Score and aggregate across confidential parties — hospital A and hospital B, or two tenants — without any party revealing its input to another. The privacy comes from secret sharing: a value is split into shares that individually reveal nothing, and only the aggregate is reconstructed.

Scope. This is the information-theoretic secret-sharing layer: additive (n-of-n) and Shamir (t-of-n) sharing plus secure summation — the SMPC primitive for linear federated aggregation (sum, mean, count). Multiplicative MPC (SPDZ/MASCOT with Beaver triples and an interactive online phase) is a separate networked protocol and is out of scope here.

Additive secure aggregation

Each party splits its value into shares; the aggregator sums the shares component-wise and reconstructs only the total. No single party's value is ever materialised.

from director_ai import ProductionGuard
from director_ai.core.config import DirectorConfig
from director_ai.core.federated_privacy.secret_sharing import split

agg = ProductionGuard(DirectorConfig()).secure_aggregator(party_count=3)
for value in (10, 20, 12):
    agg.submit(split(value, party_count=3))
print(agg.reconstruct())          # 42 — the sum, never any single value

Additive sharing is n-of-n: every party must contribute, and one dropout loses the result.

Shamir threshold sharing

Shamir t-of-n sharing tolerates dropouts and collusion: any t of the n parties reconstruct the secret, while fewer than t learn nothing — so up to n - t parties can drop out and up to t - 1 can collude without breaking privacy.

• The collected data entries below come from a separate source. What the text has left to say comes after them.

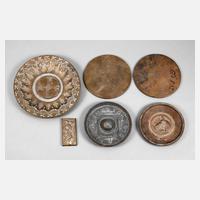 um 1900, Zinnplatte mit Omphalos Booten mit Odysseus bei den Sirenen, gestempelt BKB Berlin, Modellnummer 368, dazu eine Schale mit Pferdekopf der gleichen Marke, zwei Diskusplatten mit Darstellung römischer Olympioniken, beide mit Sammlungsnummern, eine Reliefplatte mit musizierendem Engel und ein christlicher Monogrammteller, alles mit Altersspuren, D max. 27 cm.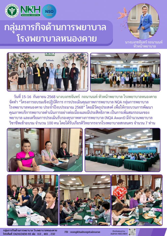 จัดทำ “โครงการอบรมเชิงปฏิบัติการ การประเมินคุณภาพการพยาบาล NQA กลุ่มการพยาบาล โรงพยาบาลหนองคาย ประจำปีงบประมาณ 2568” โดยมีวัตถุประสงค์ เพื่อให้กระบวนการพัฒนาคุณภาพบริการพยาบาลดำเนินการอย่างต่อเนื่องและมีประสิทธิภาพ เป็นการเพิ่มสมรรถนะของพยาบาล และเตรียมการประเมินรับรองคุรภาพทางการพยาบาล (NQA Award) มีจำนวนพยาบาลวิชาชีพเข้าอบรม จำนวน 100 คน โดยได้รับเกียรติวิทยากรจากโรงพยาบาลสกลนคร จำนวน 7 คน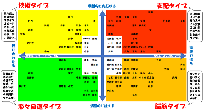長距離は騎手の腕が重要。騎乗スタイルマトリクスと併せて参考にしてもらえればと思います。 pic.twitter.com/GWsrJZHiCd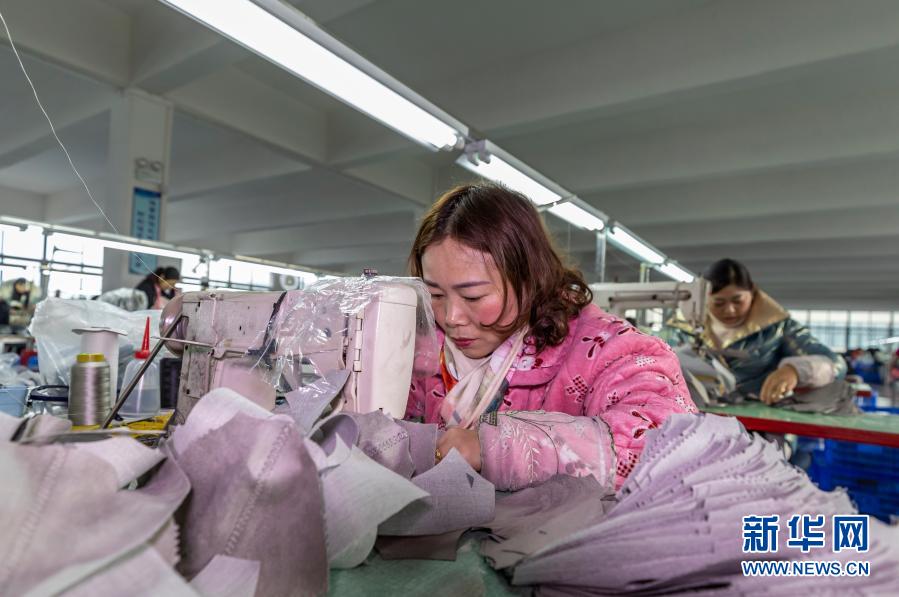 12月20日,工人在贵州省毕节市黔西县岔白工业园区一家制衣企业的生产车间加工服装。新华社发(范晖 摄)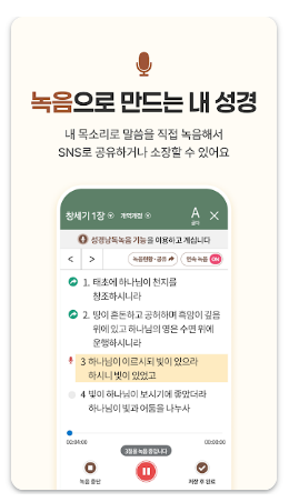 성경과 찬송을 하나의 앱에서 함께 사용할 수 있다는 점은 개인적인 신앙 시간 관리에 실질적인 도움이 됩니다. 오프라인 재생, 번역본 선택, 묵상 기록 등 기본적인 기능들이 안정적으로 구성되어 있어 꾸준히 사용하는 데 무리가 없습니다. 성경 듣기를 중심으로 한 앱을 찾는 분들에게 적합한 방향성을 가진 서비스입니다.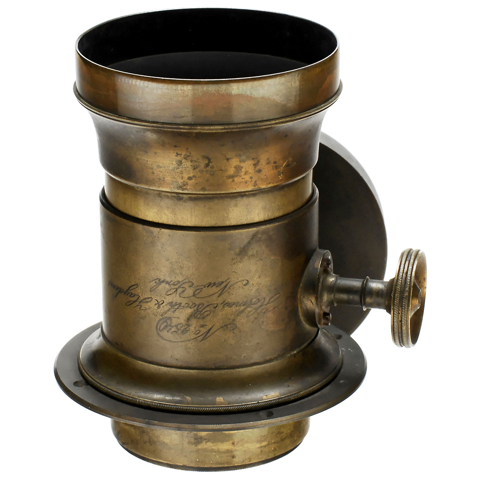 New York. No. 2549, Petzval-type, with typical rack-and-pinion focusing, focal length of approx. 8 in. (20 cm), diameter of front element approx. 2 3/8 in. (6 cm), flange 3 7/8 in. (10 cm) and height 5 ½ in. (14 cm.) – The firm of Holmes, Booth & Haydens was one of the leading pioneers in the field of brass and copper work. In addition to photographic items such as Daguerreotypes and illuminants for magic lanterns, the firm also produced objects for domestic life, including cutlery and an assortment of lamps. – A very rare lens by an early American manufacturer – an important document in the development of photography.

from director_ai.core.federated_privacy import (
    shamir_split, shamir_reconstruct, shamir_sum_shares,
)

shares = shamir_split(secret, party_count=5, threshold=3)   # 3-of-5
secret_back = shamir_reconstruct(shares[:3])                 # any 3 suffice

# Secure summation across parties (additively homomorphic), dropout-tolerant:
groups = [shamir_split(v, party_count=5, threshold=3) for v in private_values]
total_shares = shamir_sum_shares(groups)
total = shamir_reconstruct(total_shares[:3])                 # = sum(private_values)

The field modulus is the Mersenne prime 2**127 - 1, so the Lagrange interpolation that reconstructs the secret always has the modular inverses it needs. Shares carry no plaintext, so the protocol metadata is safe to route over any transport. Production code must leave seed unset so the system CSPRNG is used; a seed is for reproducible tests only and requires allow_insecure_seed=True.